GeologicAI is a fast-growing technology company developing and deploying exciting new technologies for the energy and mining sectors. We build innovative geological robots that scan rocks, train AI to analyze the scan data, and make groundbreaking software that makes all our results incredibly useful for finding and extracting natural resources. We are well-funded, growing rapidly, and looking for amazing people to join our team
We are hiring a mid- to senior-level DevOps specialist to take ownership of our build pipeline and deployment operations across a fleet of remote scanning/processing trailers that acquire and process large volumes of hyperspectral imaging data used in core mining operations. Each trailer contains a Windows-based high performance compute cluster and performs data processing and AI inferencing at scale.

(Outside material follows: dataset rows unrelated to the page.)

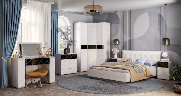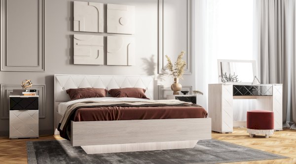 Двуспальная кровать из коллекции модульной мебели Кимберли станет центром вашей спальни. Выполненная в цвете белый ясень, модель прекрасно смотрится в светлом современном интерьере. Мягкое изголовье отделано экокожей и декорировано каретной стяжкой.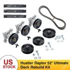 Brand New Hustler Raptor 52" Zero Turn Lawn Mower Deck Rebuild Kit Fits all Raptor 52" and Raptor Limited 52" Mowers Pre Serial # 19113534 Custom Aftermarket Kit Includes Everything in the Picture, Which Is: 3 - Blade Spindles - Replaces Hustler 604214 3 - High Lift Blades - Made in USA - Replaces Hustler 603995 3 - Blade Spindle Pulleys - Genuine Hustler - Replaces 603988 1 - Deck Drive Belt - Kevlar Corded - Replaces 791988 12 - Mounting Bolts 3 - Blade Spindle Blade Washers 3 - Blade Spindle Blade Bolts 3 - Spindle Pulley Spacers 3 - Spindle Pulley Nuts 1 - Idler Pulley - Replaces 604219 1 - Idler Pulley - Replaces 604231 1 - Idler Pulley - Genuine Hustler 605512 3 - Idler Pulley Bolts 3 - Idler Pulley Washers 3 - Idler Pulley Nuts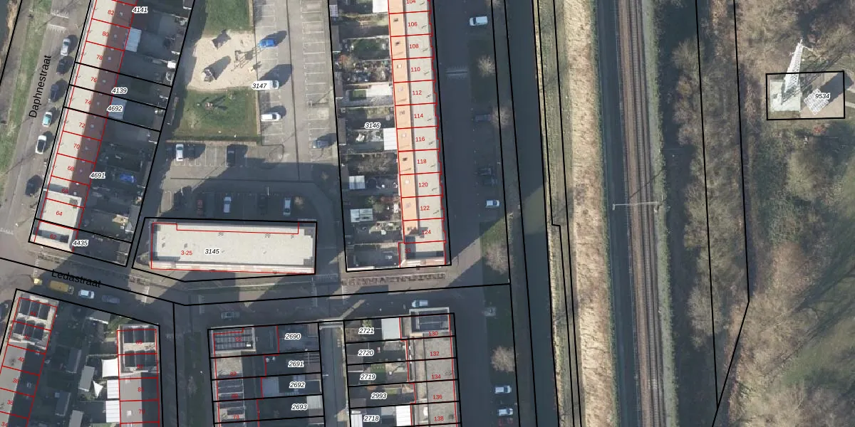 Het perceel waarop Polluxstraat 122 staat heeft een oppervlakte van 1731 m². Dit is een zeer groot perceel. De perceeloppervlakte wordt geregistreerd door het Kadaster. Gedetailleerde informatie over de maten van dit perceel kunt u vinden in het rapport Kadastrale kaart met maatvoering van Polluxstraat 122.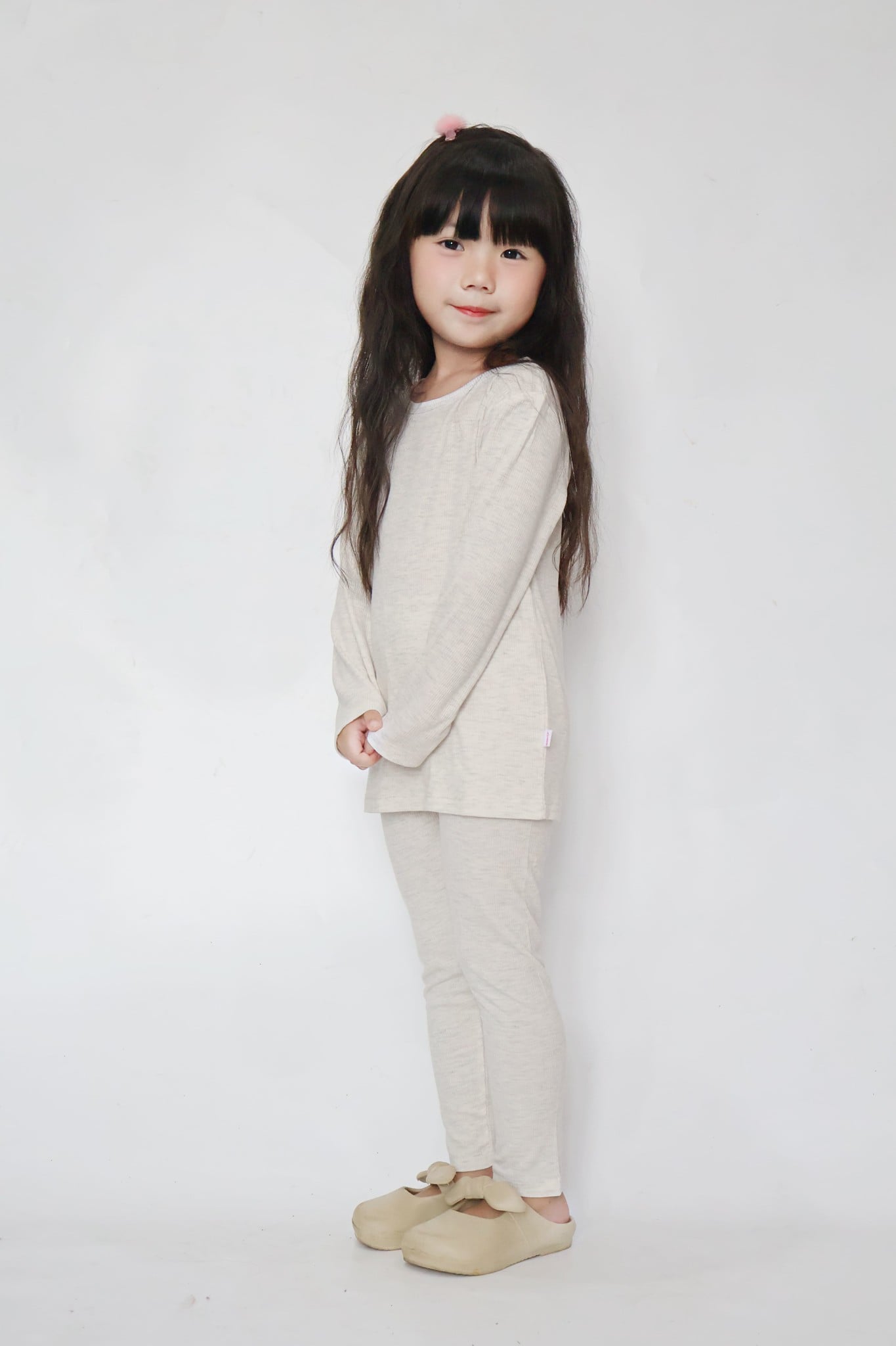 Bộ thun gân dài tay bé gái được làm từ 90% Rayon mát rượi mềm mịn + 10% Spandex co giãn 4 chiều, mang đến cảm giác êm ái, nhẹ tênh và linh hoạt cho bé cả khi ngủ lẫn vui chơi trong nhà.

This is a high impact role focused on improving robustness, deployment reliability, and operation across a fleet containing hundreds of compute nodes. You will take over day-to-day build pipelines, deployment operations to trailers and individual endpoints, and play a key role in improving automation from code to production.
The role requires a strong background in Windows administration, Python, deployment strategies for distributed systems, and system troubleshooting.

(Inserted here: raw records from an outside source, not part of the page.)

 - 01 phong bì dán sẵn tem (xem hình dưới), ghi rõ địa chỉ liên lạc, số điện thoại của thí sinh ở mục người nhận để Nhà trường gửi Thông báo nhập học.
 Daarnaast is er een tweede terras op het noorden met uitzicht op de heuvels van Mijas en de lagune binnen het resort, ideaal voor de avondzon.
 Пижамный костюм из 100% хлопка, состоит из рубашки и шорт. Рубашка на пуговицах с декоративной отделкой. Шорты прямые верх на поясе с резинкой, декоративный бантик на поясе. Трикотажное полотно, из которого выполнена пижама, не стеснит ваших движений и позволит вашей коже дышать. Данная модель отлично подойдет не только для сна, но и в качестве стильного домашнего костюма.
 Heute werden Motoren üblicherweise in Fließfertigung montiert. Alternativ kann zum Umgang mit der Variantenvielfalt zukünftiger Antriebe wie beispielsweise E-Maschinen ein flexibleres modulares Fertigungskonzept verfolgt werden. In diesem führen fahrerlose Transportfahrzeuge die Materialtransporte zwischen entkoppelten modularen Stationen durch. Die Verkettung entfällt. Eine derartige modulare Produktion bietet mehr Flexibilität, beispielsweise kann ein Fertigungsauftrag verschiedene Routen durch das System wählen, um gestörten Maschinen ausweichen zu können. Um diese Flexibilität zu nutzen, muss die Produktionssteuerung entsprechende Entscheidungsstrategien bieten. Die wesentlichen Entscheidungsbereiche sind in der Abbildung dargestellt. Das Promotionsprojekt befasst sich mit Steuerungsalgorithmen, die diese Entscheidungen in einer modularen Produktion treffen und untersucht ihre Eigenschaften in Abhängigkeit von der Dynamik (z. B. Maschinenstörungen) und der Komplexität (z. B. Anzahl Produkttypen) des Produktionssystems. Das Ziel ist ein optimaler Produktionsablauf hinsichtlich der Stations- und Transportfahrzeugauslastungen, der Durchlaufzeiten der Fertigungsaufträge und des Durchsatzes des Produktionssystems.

- Own and execute deployment operations across 100–150 on-prem Windows servers in multiple locations
- Support release flow through branch promotion / merge processes:
- development → staging
- staging → production
- Run and monitor deployments using custom Bitbucket pipelines
- Track deployment progress and outcomes across distributed server environments
- Identify areas of opportunity to enhance the build pipeline and collaborate with other team members to automate processes
- Investigate and patch failed deployments on affected servers
- Troubleshoot common deployment failures (service issues, permissions, path/config mismatches, host availability, etc.)
- Validate recovery results and confirm application/service health after patching
- Escalate recurring/systemic issues with clear evidence and documentation
- Improve system telemetry with a focus on operational reliability and fleet intelligence
- Identify servers that missed deployments because they were offline/unreachable during release windows
- Run manual deployment pipelines or recovery workflows when those servers return online
- Verify version consistency and deployment completion across all target servers
- Maintain clear records of delayed and catch-up deployments- Build and maintain scripts to reduce repetitive deployment and remediation work
- Create tooling for:
- pre-deployment checks
- post-deployment validation
- deployment status reporting
- patch queues / catch-up queues
- version consistency checks
- Improve script quality over time with:
- logging
- error handling
- parameterization
- safe execution patterns
- operator-friendly output
- Create and maintain runbooks / SOPs for standard deployments, patching, and recovery
- Document recurring deployment failure patterns and remediation steps
- Improve repeatability and reduce dependency on tribal knowledge
- Partner with DevOps and engineering teams to identify practical automation opportunities
What Success Looks Like (First 90 Days)
- You can independently run regular deployment operations using our current Bitbucket pipeline workflow
- You can reliably manage branch-promotion deployment execution (development→staging, staging→production)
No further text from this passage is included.